Development of a De-identification Model for Electronic Health Records in Buenos Aires City Healthcare (SALA 2026)

Author

María Nanton

Published

March 17, 2026

Together with Ariana Bardauil, Juliana Reyes Szemere, Camila Ebensrtejin, Hugo Neumayer, Sofía Anastasía, Alejandro Domazet, Max Wolf, Cecilia Palermo, and Milagro Teruel, we presented a poster on our de-identification project at the Summit of AI in Latin America (SALA 2026).

The work is developed at the Dirección General de Sistemas de Información Sanitaria (DGSISAN), Ministerio de Salud, Ciudad Autónoma de Buenos Aires. The Buenos Aires City public health system’s Electronic Health Records database contains over 45 million free-text progress notes written by clinicians during consultations. These notes can contain sensitive patient identifiers — full names, ID numbers, addresses, phone numbers — so the goal is to build a NER model capable of detecting and masking them, enabling broader data availability while protecting patient privacy.
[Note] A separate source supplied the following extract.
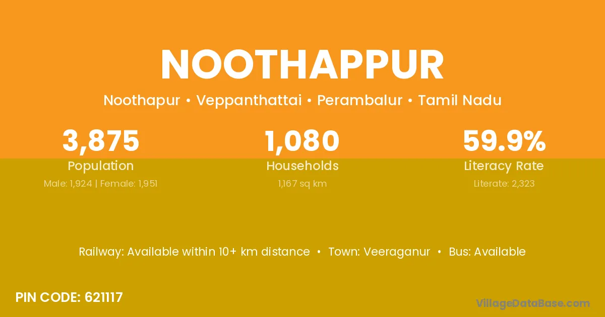 Noothappur village has a total population of 3,875 people, of which 1,924 are males and 1,951 are females.

We annotated a sample of 5,000 clinical progress notes across specialties and levels of care, and we are currently exploring three modeling approaches: a rule-based system adapted for Spanish and Argentine-specific identifiers, a BiLSTM NER model trained on our annotated data, and a hybrid ensemble combining both — all designed to run on lightweight City infrastructure.